# vamp WIP



## Myke (Sep 23, 2008)

WIP. Quickstudy of something new for my next set of tattoo flash. (slow day today again at work)
this is a rough, will post the finished piece when done





peace


----------



## Myke (Sep 26, 2008)

*bump*
no love, or hate? =(


----------



## Rowan (Sep 26, 2008)

its a good right as i said before keep it up you are amazing


----------



## Commander (Sep 26, 2008)

Really nice work, one criticism though is that the lower leg seems a little thin.
Keep up the great work.


----------



## Heran Bago (Sep 26, 2008)

Commander said:
			
		

> Really nice work, one criticism though is that the lower leg seems a little thin.
> Keep up the great work.


Thinness looks fine to me.

Good sketch dude!


----------



## Toni Plutonij (Sep 26, 2008)

No, leg is just fine.....I like it very much, I can already see it in front of some temple gates, in a very dark atmosphere..

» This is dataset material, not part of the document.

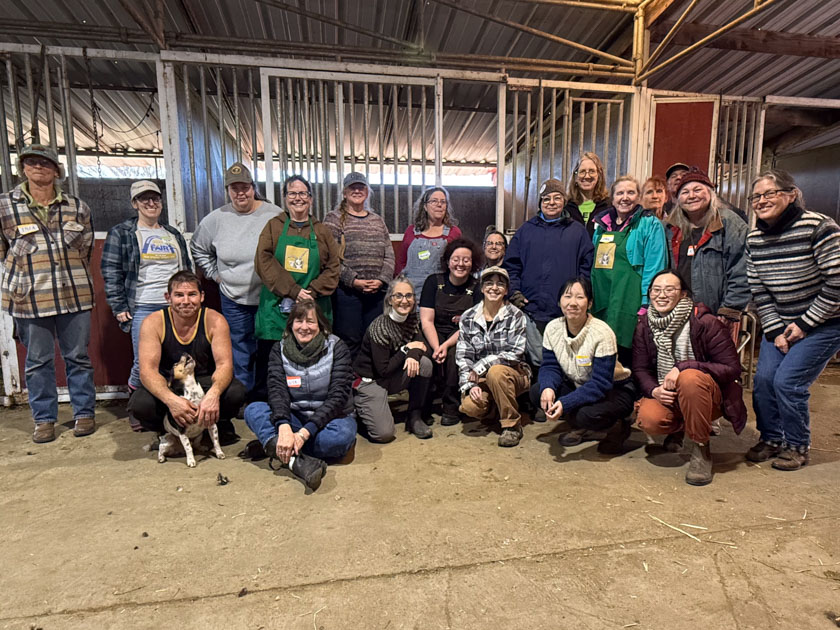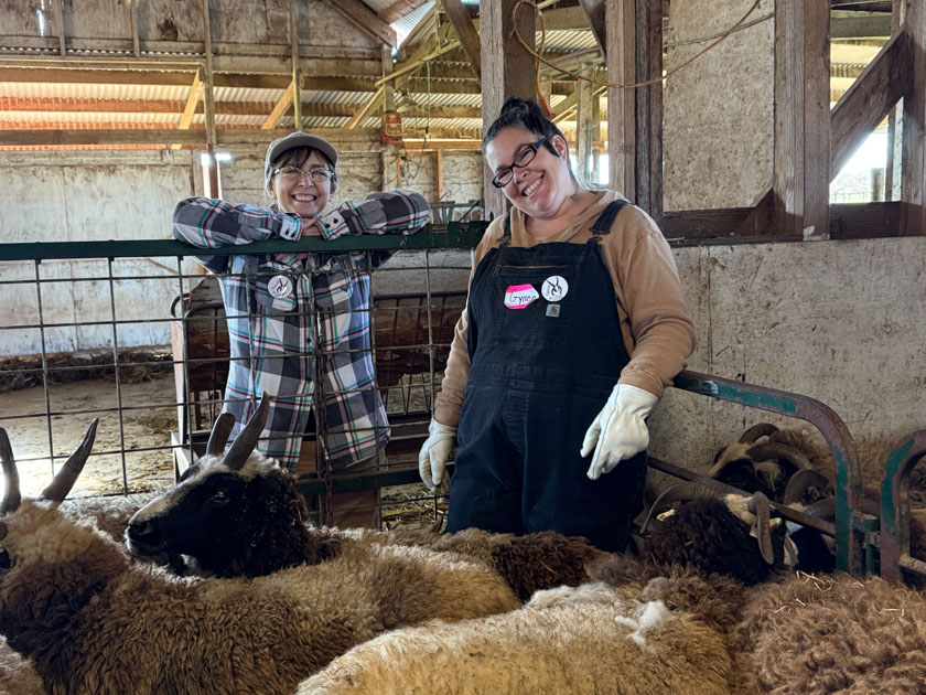About 10 days ago we harvested the last of the butcher lambs and, after taking a tanning class on Zoom (which I highly recommend), I decided that I would tackle one hide. It’s been salted since that day, but the weather has been so foggy or rainy that the hide never dried out. That’s OK because it was going to go right into the pickle bath. First I had to clean it up a bit, although our farm harvest guy does an excellent job. There wasn’t much to do. Before I had time to work on the hide, the vets came.

I was yesterday at over at my friends, getting the sketch done, and we have a plan for my right leg....First session will be 10.13., in about two weeks or so...I think  you'll like it, it's going to be a masterpiece, as always from him...


----------



## Myke (Sep 26, 2008)

cool, can't wait to see it! =)


----------



## bombchu (Oct 2, 2008)

Firstly, this is insanely awesome. You're a reeeally amazing draftsman. I've got a touch of drawing ADD so it takes a lot of motivation for me to even think like that... It's great lol I'm really blown away.

If you're not already finished, I have some critiques. I did the pose in the mirror to check, well, tried to at least. I don't know if it's actually possible but I don't have those heels and it looks so good as it is it doesn't really matter. lol Just keep balance in mind next time.


----------



## Prime (Oct 2, 2008)

hawt. Me likey


----------



## Myke (Oct 5, 2008)

thx for the critiques bombchu. I'll be workin on it. 

won't be for a while. Got a halloween show coming up and I'm working my ass off on what little free time I have on hopefully 3 pieces for it. Will post when done. 

thanks again.


----------